[Data excerpts]
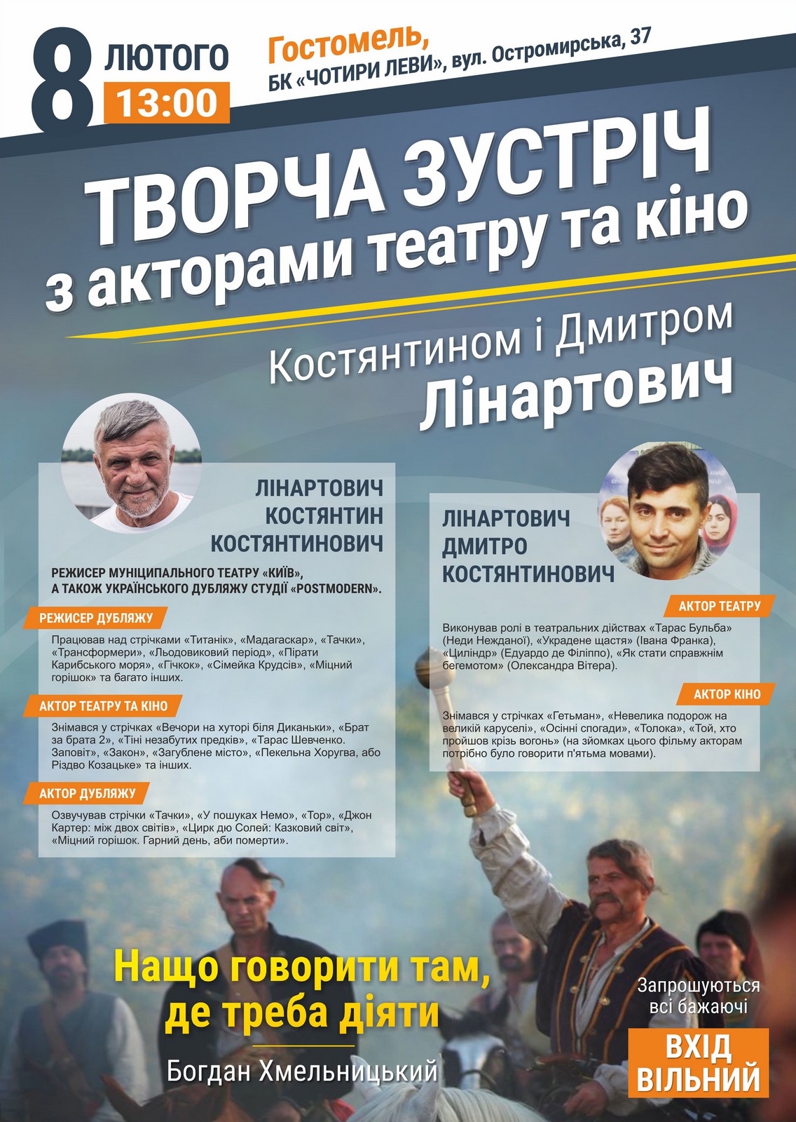 Субота, 8 лютого до Будинку культури «Чотири леви» завітають відомі сучасні актори, виконавці ролей у серіалі «Гетьман» Костянтин та Дмитро Лінартовичи.
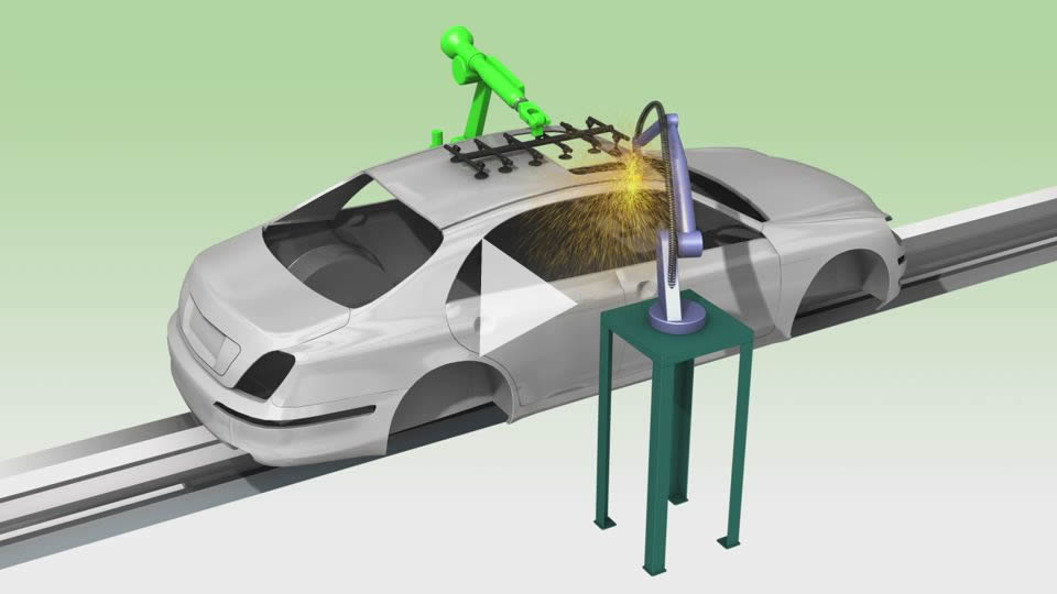 This is the process where parts made in the press process are assembled into the car body by many multi-axis robots. Most of the welding work is automated by machines.
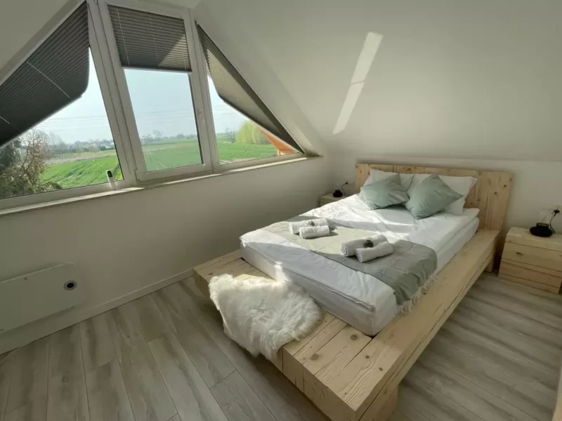 Na Gości czeka wolnostojący domek i rozrywkowa stodoła z bilardem, piłkarzykami, ping-pongiem i kanapami – idealne miejsce na wspólne wieczory. To świetna baza wypadowa na zwiedzanie okolicy pełnej zamków i drewnianych kościółków. Jest to również przytulna przystań na budżetowe, rodzinne wakacje w Naturze.
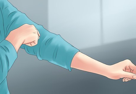 Pull your sleeves up for added effect. After you've waved your arms around a bit, pull up both your sleeves to be even more convincing. To make sure the pen comes with your sleeve, pinch it as you push it up. It will be resting at the bottom of your sleeve due to gravity and won't be noticed by your audience underneath your arm. If you'd like, once you get really good at this trick, tug at your sleeves a bit even before the trick. Don't move them too much, though – just enough to give the illusion that you've moved them up a bit. If you move them too far, you can wiggle around a bit to lower them before you vanish the pen.
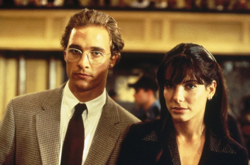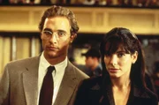 Der blutjunge Verteidiger Jake Brigance (Matthew McConaughey, l.) übernimmt den aussichtslosen Fall Hailey. Von unerwarteter Seite bekommt er Hilfe: Ellen Roark (Sandra Bullock, r.), Expertin im Aufspüren wichtiger Präzedenzfälle ...Bild: © Kabel Eins Classics
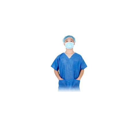 Egyszer használatos kék színű zsilipruha (40 gramm). V nyakú rövdi újjú felső és egyenes szárú nadrág. Anyaga: 100% PP nemszőtt textília 40 g/m2, oxidatív biológiai úton lebomló. Felső: V nyakú rövdi újjú felső. Nadrág: egyenes szárú, derékvonalban könn

[INSTRUCTIONS TO FOLLOW] With the pictures dropped, write out all of the entries word for word.

[PROBLEM SOLUTION]
 Субота, 8 лютого до Будинку культури «Чотири леви» завітають відомі сучасні актори, виконавці ролей у серіалі «Гетьман» Костянтин та Дмитро Лінартовичи.
 This is the process where parts made in the press process are assembled into the car body by many multi-axis robots. Most of the welding work is automated by machines.
 Na Gości czeka wolnostojący domek i rozrywkowa stodoła z bilardem, piłkarzykami, ping-pongiem i kanapami – idealne miejsce na wspólne wieczory. To świetna baza wypadowa na zwiedzanie okolicy pełnej zamków i drewnianych kościółków. Jest to również przytulna przystań na budżetowe, rodzinne wakacje w Naturze.
 Pull your sleeves up for added effect. After you've waved your arms around a bit, pull up both your sleeves to be even more convincing. To make sure the pen comes with your sleeve, pinch it as you push it up. It will be resting at the bottom of your sleeve due to gravity and won't be noticed by your audience underneath your arm. If you'd like, once you get really good at this trick, tug at your sleeves a bit even before the trick. Don't move them too much, though – just enough to give the illusion that you've moved them up a bit. If you move them too far, you can wiggle around a bit to lower them before you vanish the pen.
 Der blutjunge Verteidiger Jake Brigance (Matthew McConaughey, l.) übernimmt den aussichtslosen Fall Hailey. Von unerwarteter Seite bekommt er Hilfe: Ellen Roark (Sandra Bullock, r.), Expertin im Aufspüren wichtiger Präzedenzfälle ...Bild: © Kabel Eins Classics
 Egyszer használatos kék színű zsilipruha (40 gramm). V nyakú rövdi újjú felső és egyenes szárú nadrág. Anyaga: 100% PP nemszőtt textília 40 g/m2, oxidatív biológiai úton lebomló. Felső: V nyakú rövdi újjú felső. Nadrág: egyenes szárú, derékvonalban könn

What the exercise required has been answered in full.